An independent observer will record the time taken to establish landmarks with
ultrasound imaging and the time taken to complete the spinal anesthesia. The number of
needle insertions and redirections required to achieve dural puncture will also be
recorded (as previously defined by Chin et al.). Immediately after the spinal
anaesthesia has been administered, the patient will be asked by the observer to rate
the pain they experienced during the procedure (from 0 - 10) and their satisfaction
with the procedure (from 1 - 5).
The sensory block height will be measured and recorded at 5 minute intervals.

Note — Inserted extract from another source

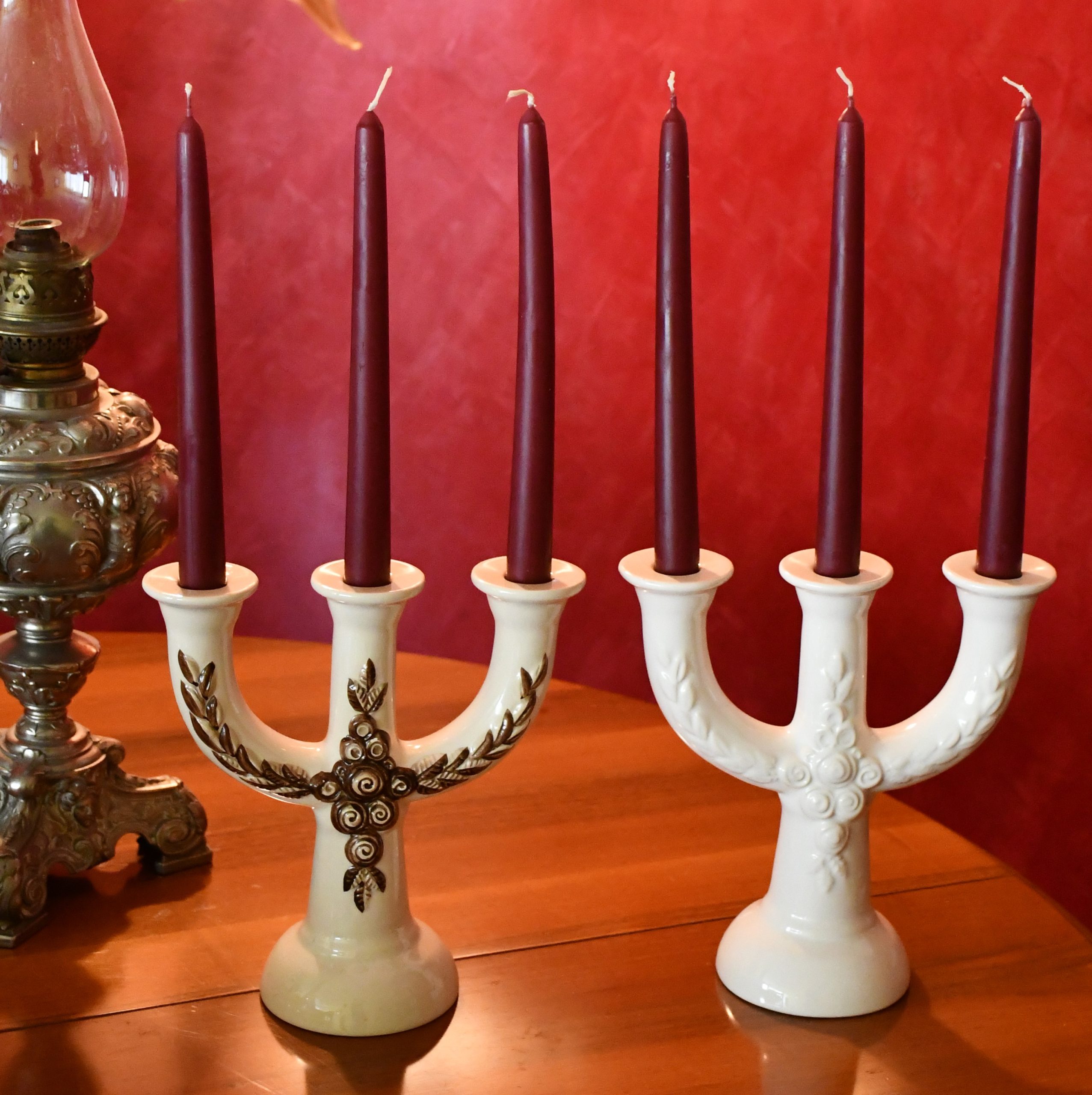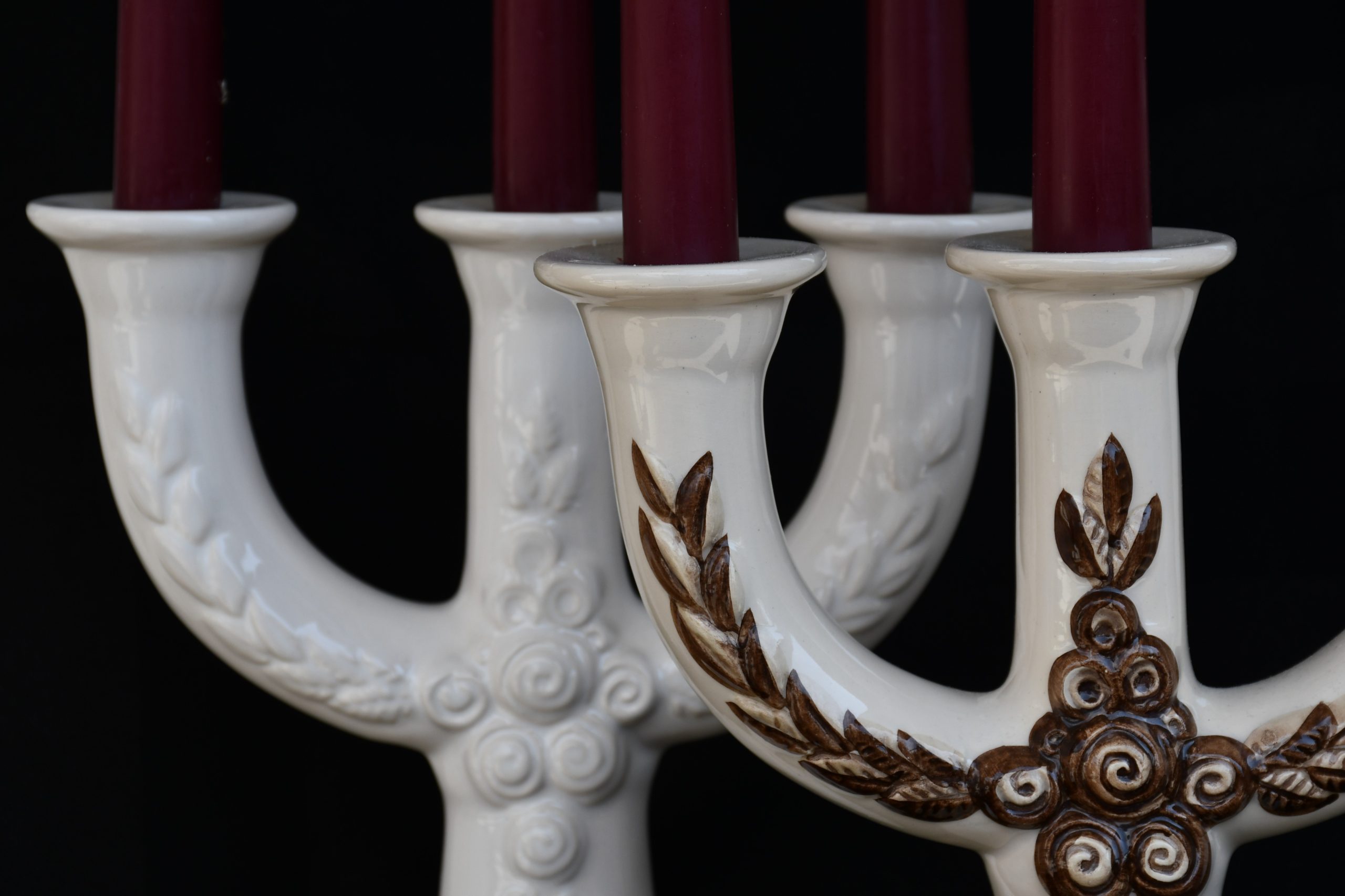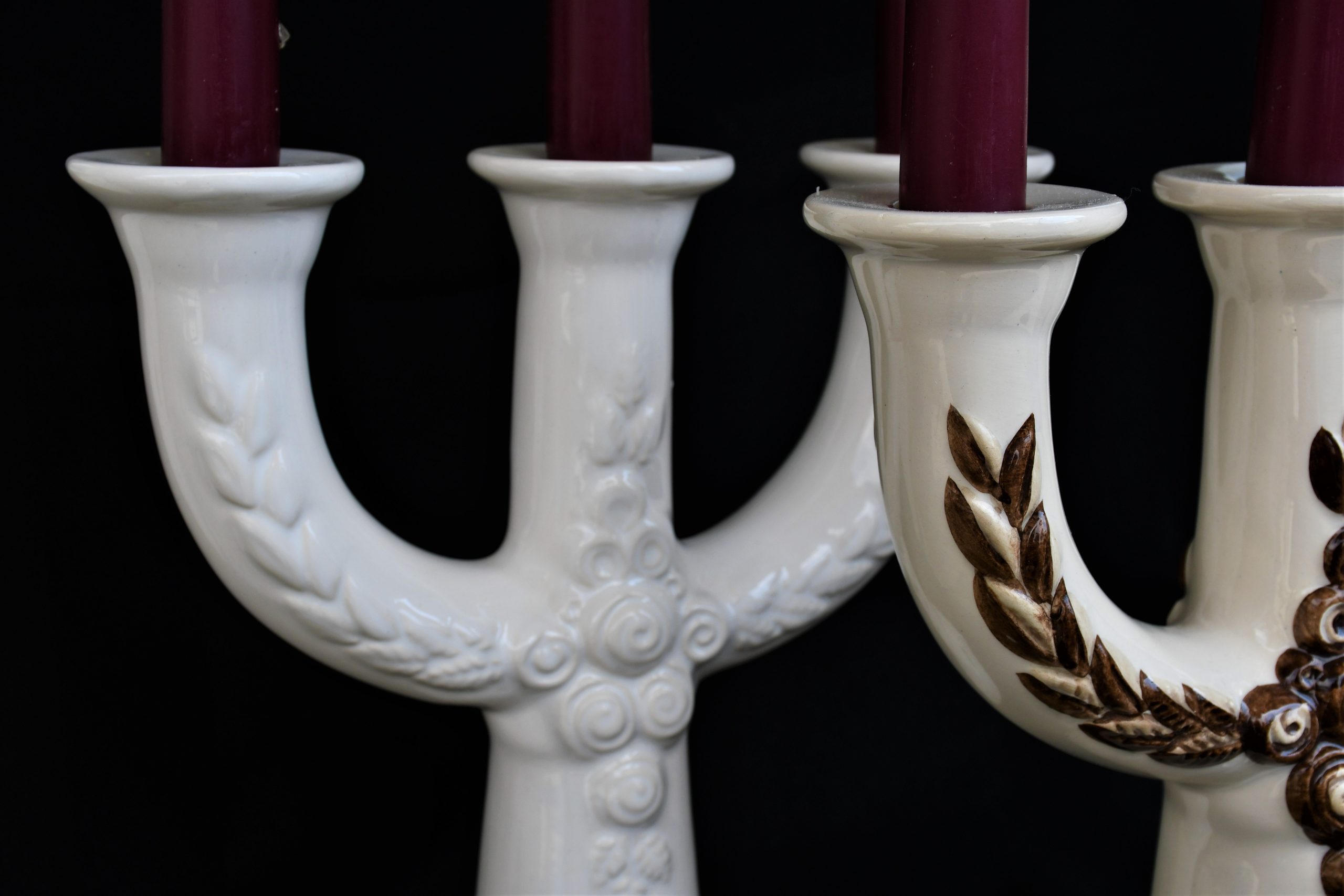 Канделабрите са сред най-големите и емблематични дизайни на Rosa Ljung. Материалът е глазирана керамика/фаянс, солиден и тежък. Единият е ръчно рисуван. Отлично винтидж състояние

The
number of 5 minute increments where the mean arterial blood pressure is measured as
being greater than 20% below baseline will be collected as well as the amount of
ephedrine required to treat each patient. The amount of intravenous fluid given during
the procedure will be recorded. Other details related to the surgery will also be
collected including time of first incision, tourniquet inflation and deflation times,
estimated total blood loss and time of surgical completion.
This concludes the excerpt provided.